Task objective:
For the material below, set down exactly the lines between the one containing "除此之外,安歌科技至今已為桐" and the last line, both included, leaving every picture out.

===== Dataset extract

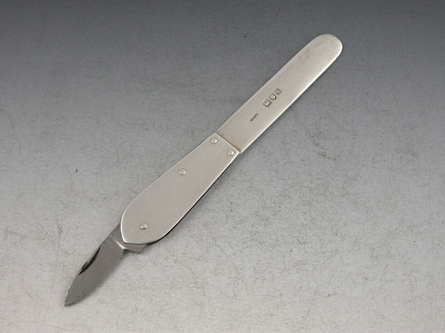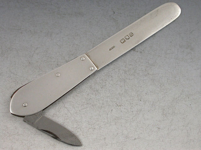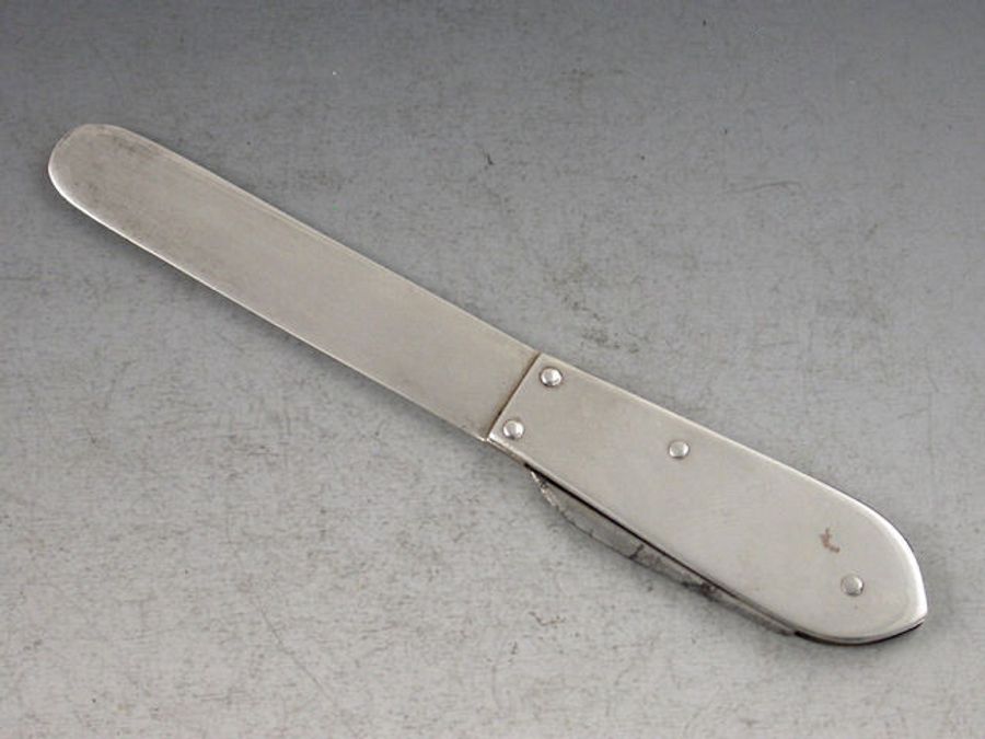 A late Victorian silver Letter Opener with integral steel fold out Pen Knife to handle.
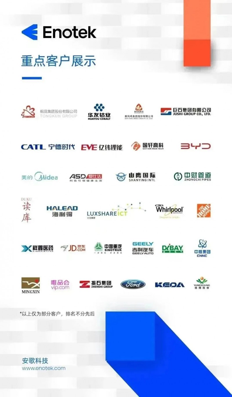 除此之外,安歌科技至今已為桐昆股份、中國(guó)巨石、中國(guó)重汽、國(guó)軒高科、比亞迪等化纖、玻纖、新能源、新材料、汽車零配件、造紙、電子電器、食品飲料等打造了100+案例,收獲了來自各領(lǐng)域頭部企業(yè)的認(rèn)可。
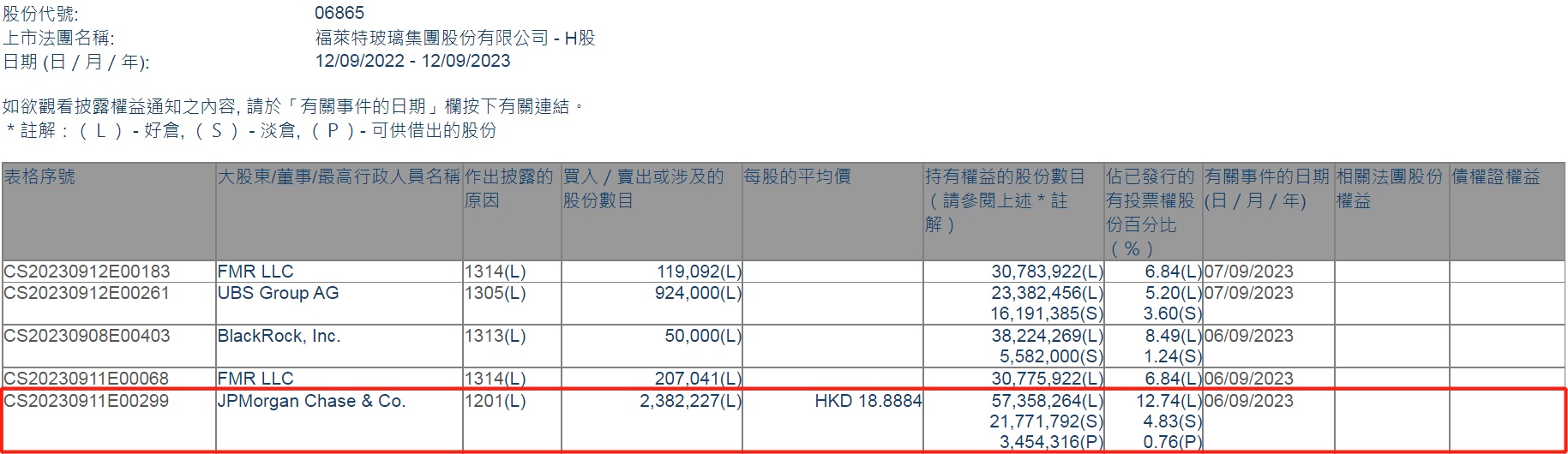智通财经APP获悉,香港联交所最新资料显示,9月6日,小摩减持福莱特玻璃(06865)238.2227万股,每股作价18.8884港元,总金额约为4499.65万港元。减持后最新持股数目约为5735.83万股,最新持股比例为12.74%。
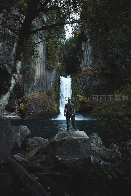 孤影立石观瀑,林深谷幽意悠然

==========

Task output:
 除此之外,安歌科技至今已為桐昆股份、中國(guó)巨石、中國(guó)重汽、國(guó)軒高科、比亞迪等化纖、玻纖、新能源、新材料、汽車零配件、造紙、電子電器、食品飲料等打造了100+案例,收獲了來自各領(lǐng)域頭部企業(yè)的認(rèn)可。
智通财经APP获悉,香港联交所最新资料显示,9月6日,小摩减持福莱特玻璃(06865)238.2227万股,每股作价18.8884港元,总金额约为4499.65万港元。减持后最新持股数目约为5735.83万股,最新持股比例为12.74%。
 孤影立石观瀑,林深谷幽意悠然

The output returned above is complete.